Pasca serangan Hamas pada tanggal 7 Oktober 2023 lalu, gempuran tanpa henti Tentara Israel terus meluluhlantahkan Gaza dan hal ini dipastikan belum berakhir. Situasi semakin memburuk dengan tidak adanya air, listrik dan bensin di kota tersebut.
Tensi tinggi antara militer Israel dan Hamas semakin meningkat pasca serangan Hamas ke wilayah Selatan Israel pada 7 Oktober 2023 lalu, yang dianggap sebagai serangan paling mematikan terhadap Israel sepanjang sejarah negara tersebut berdiri. Menurut data Kementerian Kesehatan Palestina, saat ini, sudah ada 7300 warga Palestina yang tewas akibat konflik antara Israel dengan kelompok militan Hamas. Adapun dari pihak Israel, menurut laporan Jerrusalem Post, terdapat 1400 warga Israel yang tewas menjadi korban sejak serangan Hamas dimulai. Jumlah ini menjadi yang terbesar sejak konflik Israel dan Hamas dimulai, pada tahun 2006, atau setelah Hamas resmi memenangkan pemilu di Palestina. Jumlah ini sendiri kemungkinan akan bertambah mengingat hingga tulisan ini dibuat, pemerintah Israel sama sekali tidak berniat mengendurkan serangan dan mereka juga tengah memulai invasi melalui jalur darat.
Para pemimpin dunia terpecah belah menyikapi situasi ini. Presiden AS, Joe Biden, sejak awal sudah menyatakan dukungan penuh atas hak Israel mempertahankan dirinya dari serangan Hamas. Hal yang sama juga diakukan pemimpin negara-negara Uni Eropa. Adapun negara-negara seperti Tiongkok dan Rusia, lebih meminta kedua belah pihak yang berkonflik untuk menahan diri dan tetap mendukung solusi dua negara. Sementara itu, Pemerintah Indonesia, sebagai negara dengan jumlah populasi Muslim terbesar di dunia dan satu dari negara yang mengakui kemerdekaan Palestina, melalui Kementerian Luar Negeri, seperti yang dikutip dari laman resmi web Kemlu, meminta Dewan Keamanan Persatuan Bangsa-Bangsa (DK PBB) untuk segera bertindak menghentikan eskalasi konflik Israel -Palestina di Jalur Gaza. Menlu juga meminta DK PBB untuk tidak tinggal diam menyaksikan bencana dan kejahatan manusia yang sedang terjadi di Palestina. Serangan terhadap rumah sakit, tempat ibadah, blokade listrik, air, bahan bakar dan pengusiran warga Gaza dilakukan atas dasar hukuman kolektif. Di saat yang sama, warga sipil disandera dan nyawanya terancam.

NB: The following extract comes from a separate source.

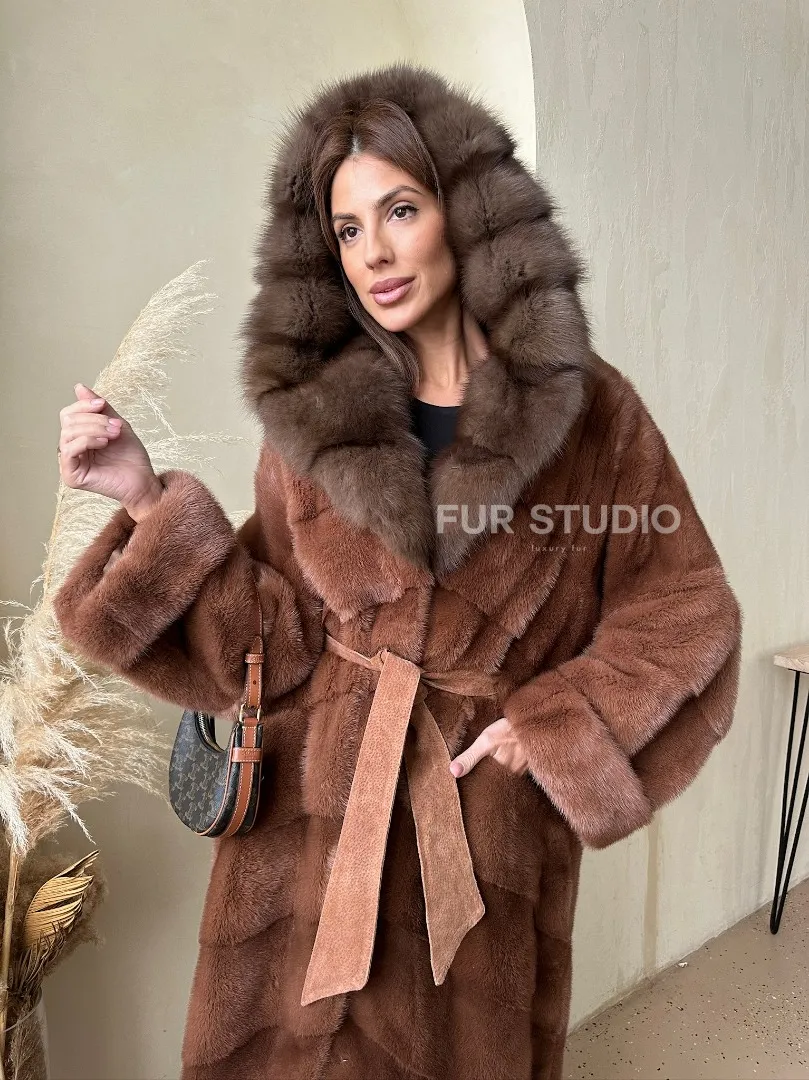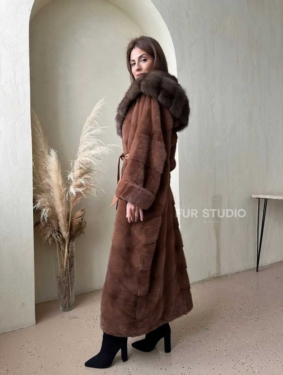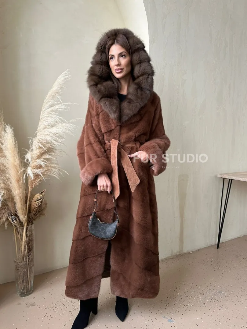 Шуба из аукционной норки с капюшоном из куницы - цвет терракотовый доступна для покупки в нашем шоуруме Furs Studio в Москве. У нас так же есть доставка во все города России. Добавьте немного роскоши в свой гардероб с этой шубой, которая будет служить вам многие годы.

Seruan gencatan senjata sendiri terus menerus disuarakan oleh berbagai elemen masyarakat, termasuk sekjen PBB, Antonio Guterres. Namun, permintaan gencatan senjata tersebut diabaikan, bahkan jika hal itu lakukan maka, itu akan dianggap menguntungkan Hamas. Biden bahkan terus menerus menyatakan dukungan tanpa batasnya kepada Israel. Bahkan menurut laporan beberapa media, Pentagon sudah mengirimkan beberapa penasihatnya ke Israel terkait strategi serangan darat ke Gaza.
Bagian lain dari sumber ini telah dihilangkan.